Write annotations for your 3am self

The alert that fires is read by someone half-asleep. Give them a head start. Every alert should answer “what broke, where, and where do I look next” in the annotations.

annotations:
  summary: "p99 latency {{ $value | humanizeDuration }} on {{ $labels.service }}"
  description: "Above SLO for 10m. Runbook: https://wiki/runbooks/latency"
  dashboard: "https://grafana/d/abc/service-overview"

A link to the runbook and the dashboard in the alert itself saves five minutes of fumbling per incident, and five minutes at 3am feels like an hour.

Test before you trust

Prometheus ships promtool, which runs unit tests against your rules. Write a test that feeds in a synthetic time series and asserts the alert fires (or doesn’t). This catches the classic bug where a label typo means the alert can never match.
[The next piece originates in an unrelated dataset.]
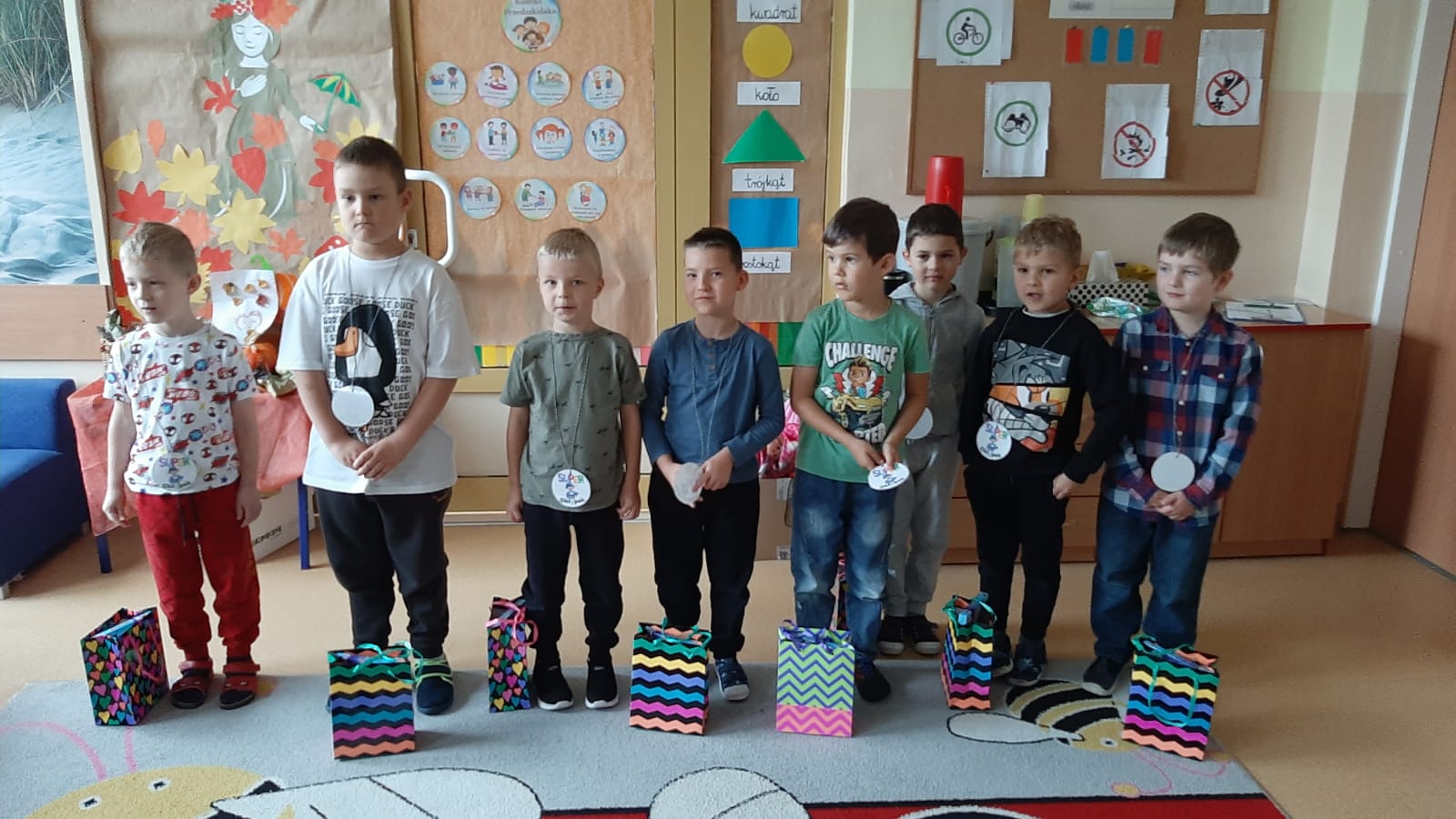 30 września świętowaliśmy w naszej grupie Dzień Chłopaka. Z tej okazji chłopcy otrzymali od dziewczynek medale „Super Chłopak”, a od rodziców – upominki, które sprawiły im wiele radości.

promtool test rules alert_tests.yaml

I won’t merge a new alert without a test that proves it fires on the bad case and stays silent on the good one. It’s the cheapest insurance in monitoring.

Where AI helps

Drafting the shape of a good rule — symptom-based expression, sensible for, useful annotations — is repetitive, and that’s exactly what AI is good at. I describe the symptom in plain language (“page me when the payment service’s error rate stays above 5% for ten minutes”) and let it produce the YAML with the rate-based expression and a for clause already in place.

It won’t know your real thresholds or metric names, so you always tune and verify. But starting from a structurally-correct draft beats hand-typing YAML at midnight. Our Alert Rule Generator bakes these conventions in, and we keep a library of monitoring prompts for the cases it doesn’t cover.
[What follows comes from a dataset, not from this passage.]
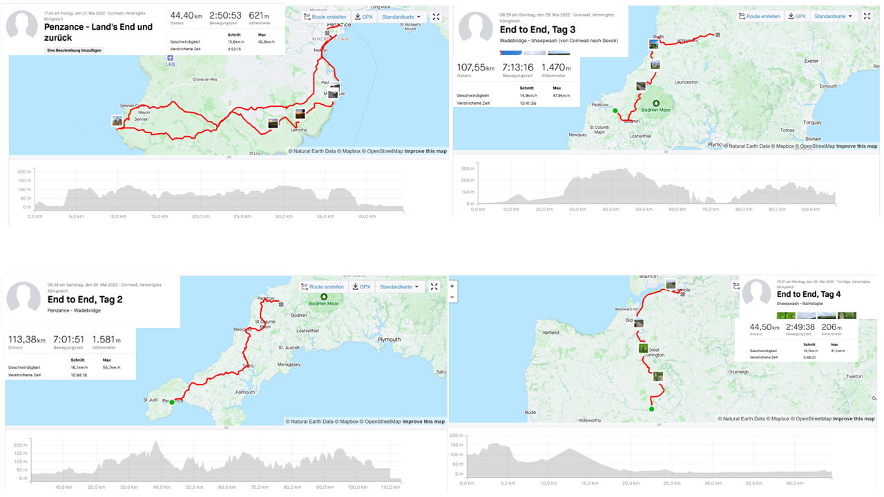 Dieses Jahr war es dann endlich so weit: Taschen packen, mit dem Zug nach Rotterdam, mit der Fähre nach Harwich, mit dem Fahrrad quer durch London und in Penzance die Radreise gestartet. Eine abendliche Schleife nach Land's End, am nächsten Morgen ging es dann richtig los: Im Linksverkehr durch Rosamunde-Pilcher-Land, mit steilen Anstiegen, rasanten Abfahrten und wunderbaren Bahntrassenradwegen. Bis die ersten Erkältungssymptome kamen. Nach drei Tagen war klar: Covid. Quarantäne. Abbruch. End to end wird wieder nichts. Den Great Britain Pechvogel Award verleihen wir uns in einem Einzimmer-Airbnb in Barnstaple, in dem man nicht mal aus dem Fenster schauen kann.

The test of a good alerting system

Here’s how you know your alerts are good: people trust the pager. When it fires, they assume something is genuinely wrong, because experience has taught them it usually is. That trust is the whole point. Every false page chips away at it, and every well-designed rule — symptom-based, windowed, with a sensible for and a runbook link — builds it back.

Aim for a pager that’s quiet most of the time and right when it isn’t. That’s not luck. It’s design.

Generated alert rules are assistive, not authoritative. Always tune thresholds to your own system and test rules with promtool before deploying.